Similar reports have been given by Okigbo and Nmeka [7], Amusa et al. [2], Ogaraku and Usman [6] respectively. These species of fungi not only lead to yam deterioration, but could also be toxic to man. For example, Fusarium species produce Fusarium toxins such as trichothecenes, diacetoxyscirpenol, nivalenol and zearalenone, which cause skin diseases, gastroenteritis, rectal hemorrhage and vomiting [6].
The different concentrations of the aqueous and methanolic extracts of the peels of the 2 varieties of yams investigated, exhibited various antifungal actions in a dose dependent manner against the species of fungi isolated in this study, when compared with the standard fungicide (Figure 2). At 40% concentration, the aqueous extract of Dioscorea alata showed higher inhibitory action on Sclerotium rolfsii than the ethanolic extract, while the ethanolic extract of Dioscorea alata at 40% concentration, showed higher inhibitory actions on Botryodiploidia theobromae and F. oxysporum than the aqueous extract. The aqueous extract of Dioscorea bulbifera at 40% concentration, showed higher inhibitory action on Botryodiploidia theobromae and F. oxysporum than the ethanolic extract, while the ethanolic extract of Dioscorea bulbifera at 40% concentration showed higher inhibitory action on Sclerotium rolfsii than the aqueous extract.

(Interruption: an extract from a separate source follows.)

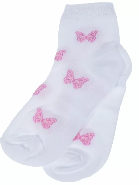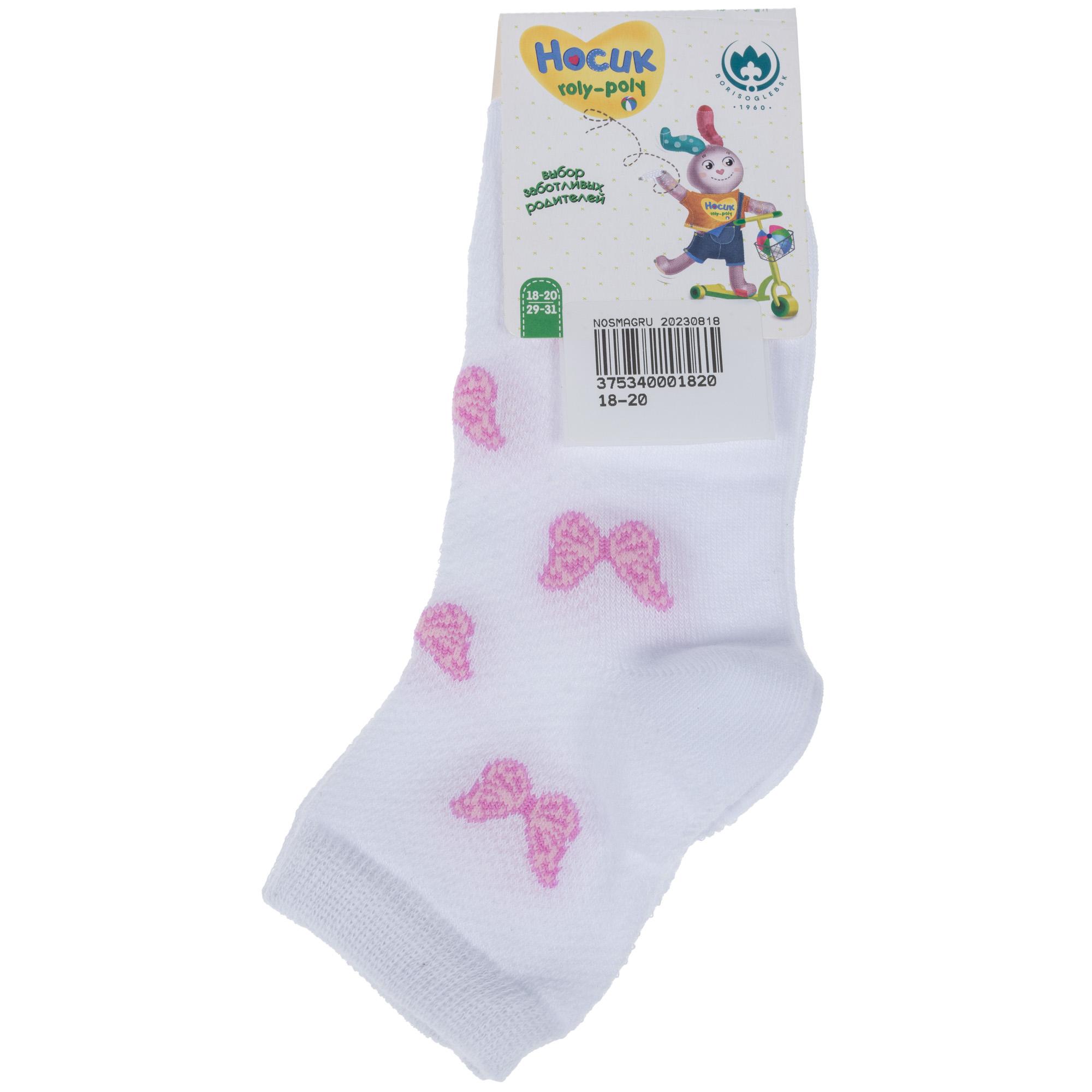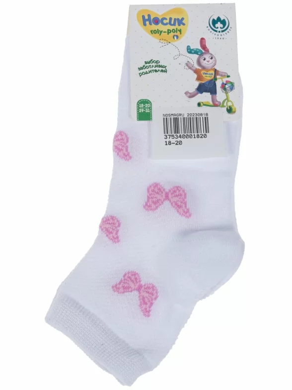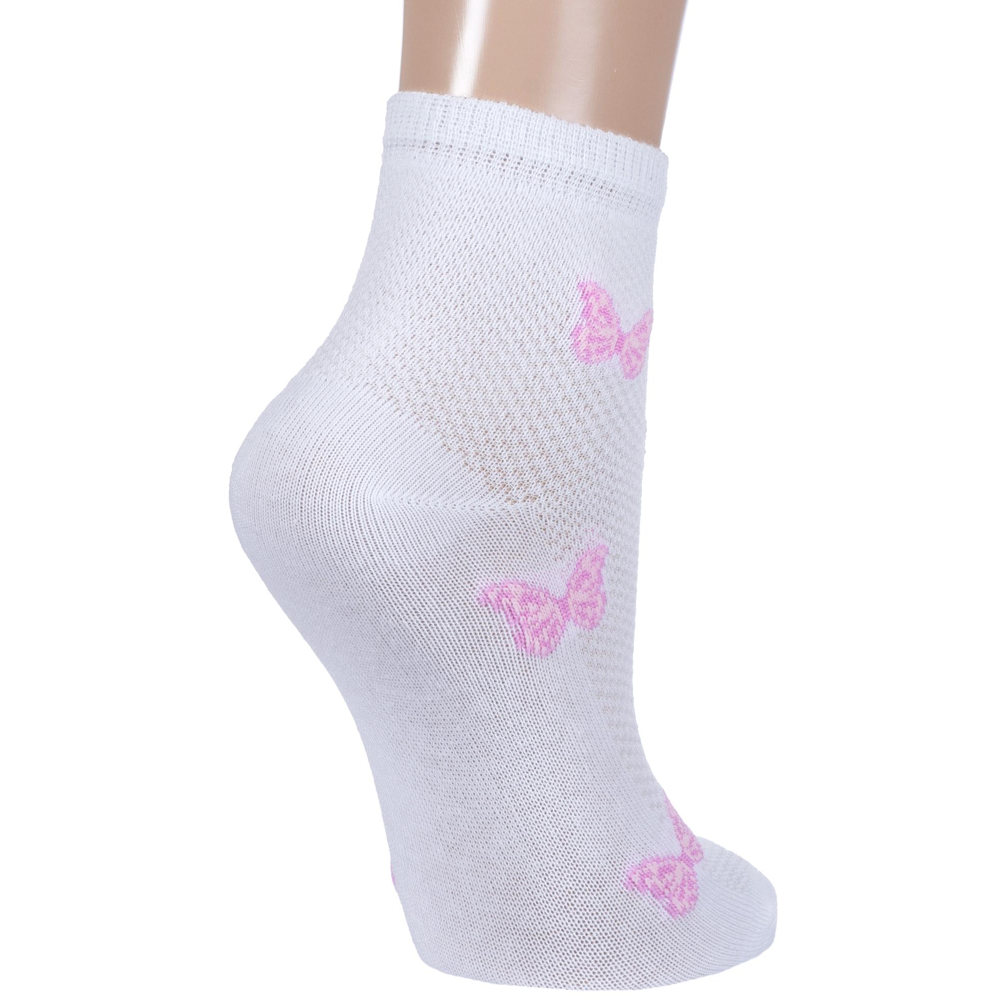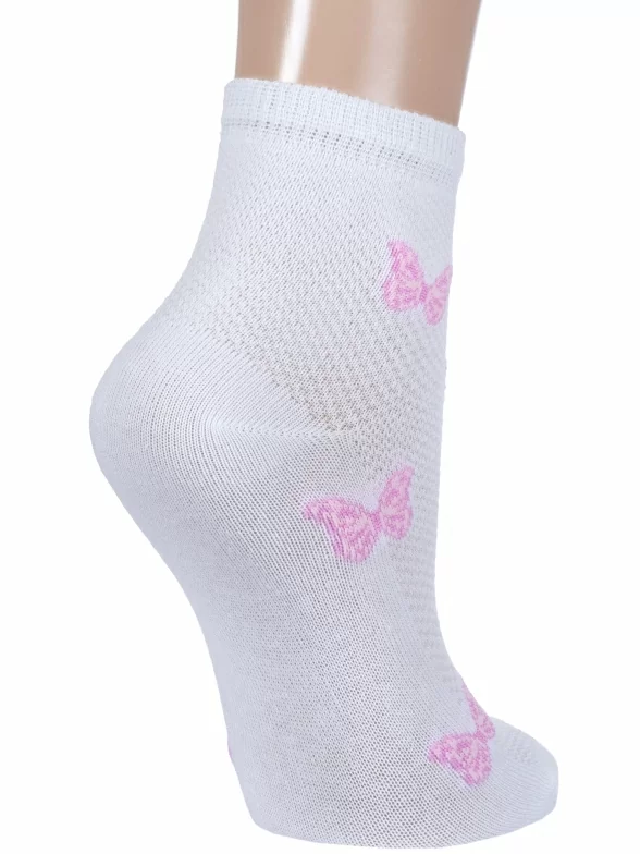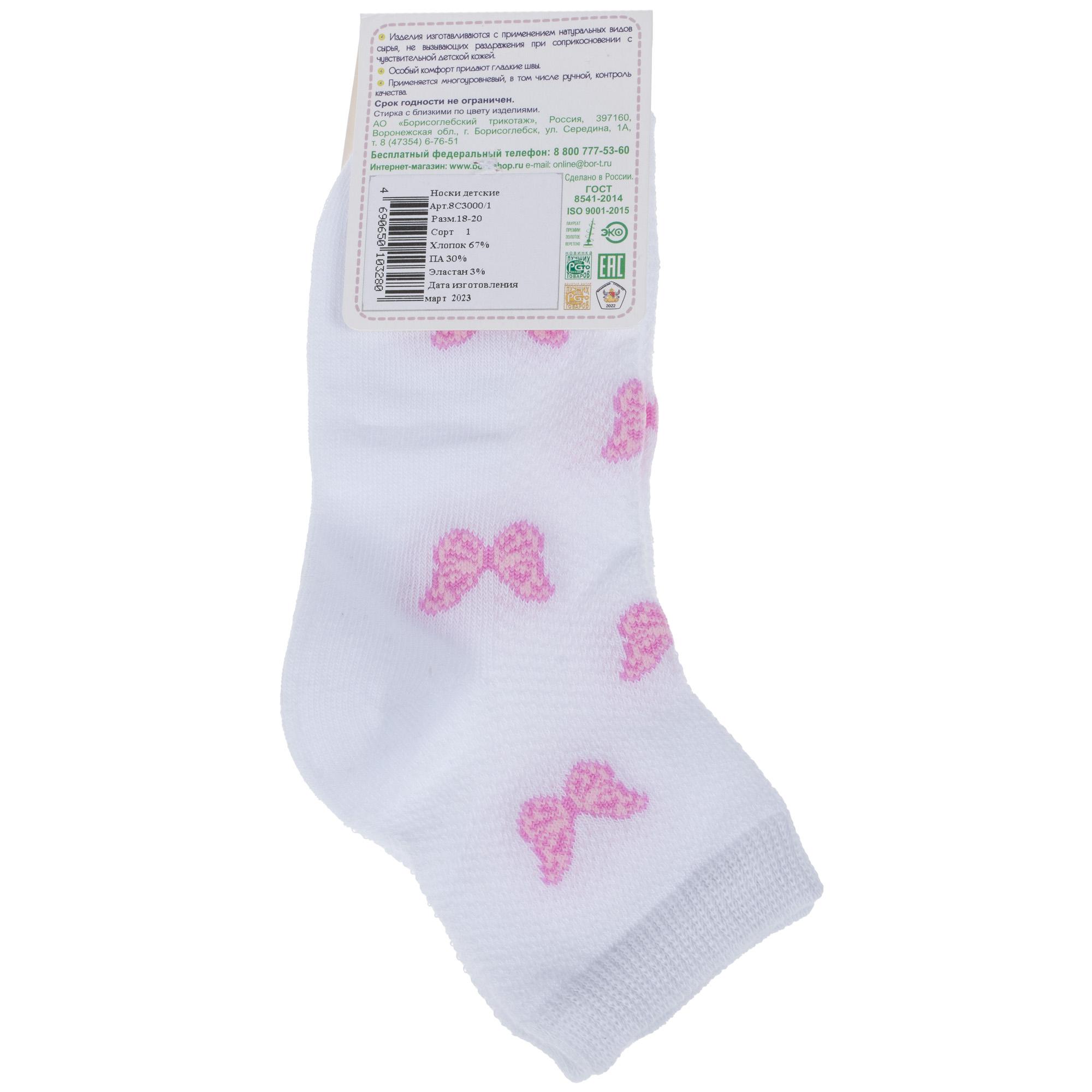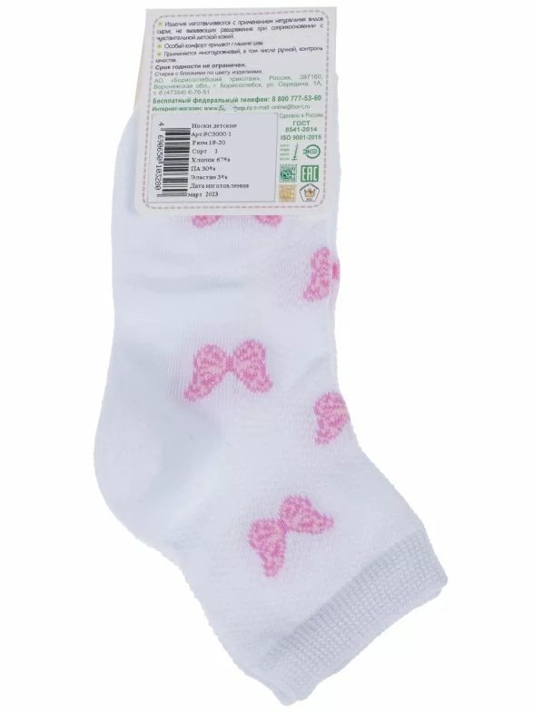 Летние укороченные детские носки, цвет белый, в сеточку, ажурные, повседневные, шов обычный (не бесшовные), принт (рисунок): бабочки / бантики, с узором, состав: 67% хлопок, 30% полиамид, 3% эластан, арт. 8С3000/1. Производитель «АО Борисоглебский трикотаж, Воронежская обл, Россия» под брендом «Борисоглебский трикотаж».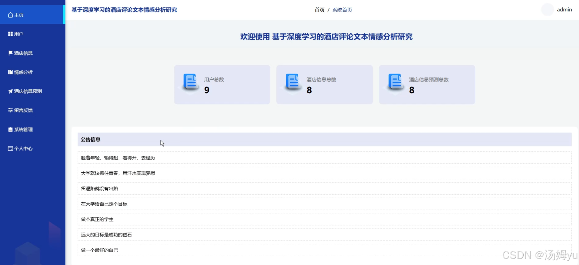 基于深度学习的酒店评论文本情感分析系统能够快速、准确地分析海量评论中的情感倾向,帮助他们及时了解消费者的需求和不满之处。通过精准的情感分析,酒店可以针对性地改进服务质量,优化设施配置,从而提升客户满意度和忠诚度。对于消费者来说,该系统能够提供更加客观、全面的酒店评价信息。消费者在浏览评论时,往往会被大量信息所困扰,难以快速判断酒店的整体服务质量。而情感分析系统可以对评论进行情感分类和总结,帮助消费者更快地做出决策。从学术研究角度来看,本研究将深度学习技术应用于酒店评论情感分析领域,进一步丰富了自然语言处理和情感分析的研究内容。通过对酒店评论文本的深入挖掘,可以探索出更加有效的深度学习模型和算法优化方法,为相关领域的研究提供新的思路和参考。本研究不仅具有重要的理论价值,还能够为酒店行业和消费者带来实际的经济效益和社会效益

Figure 2: Percentage inhibition of extracts and Griseofulvin on fungi isolates in spoilt species of yam. DAW- Dioscorea alata aqueous extract; DAE-Dioscorea alata ethanolic extract; DBW-Dioscorea bulbifera aqueous extract; DBE-Dioscorea bulbifera ethanolic extract.
The higher scavenging activities of 40% aqueous and ethanolic extracts of the peels of Dioscorea alata on Botryodiploidia theobromae, compared with standard Griseofulvin, is a significant finding in this study. This is attributed to the amount of free or unbound phenolic compounds (alkaloids, flavonoids, saponins and tannins) in the extracts. The amphiphilicity of these bioactive compounds enables them to interact with the phospholipid bilayer of the membrane of the microorganisms, leading to altered membrane function, inhibition of protein synthesis and altered growth of the microorganisms [13,23]. Results indicate that the aqueous and ethanolic extracts of these varieties of yam peels contain bioactive compounds with fungicidal actions.
This study shows the antifungal actions and medicinal potentials of the aqueous and ethanolic extracts of the peels of Dioscorea alata and Dioscorea bulbfera. This approach to the management of these fungi strains affecting D. alata and D. bulbifera could be economically viable if adopted. Finally, the study underscores the need for the purification and characterization of the phytochemical constituents of the aqueous and methanolic extracts of the peels of these yam varieties.
The authors hereby declare that they do not have a direct financial relation with the commercial identities mentioned in the paper that might lead to a conflict of interest.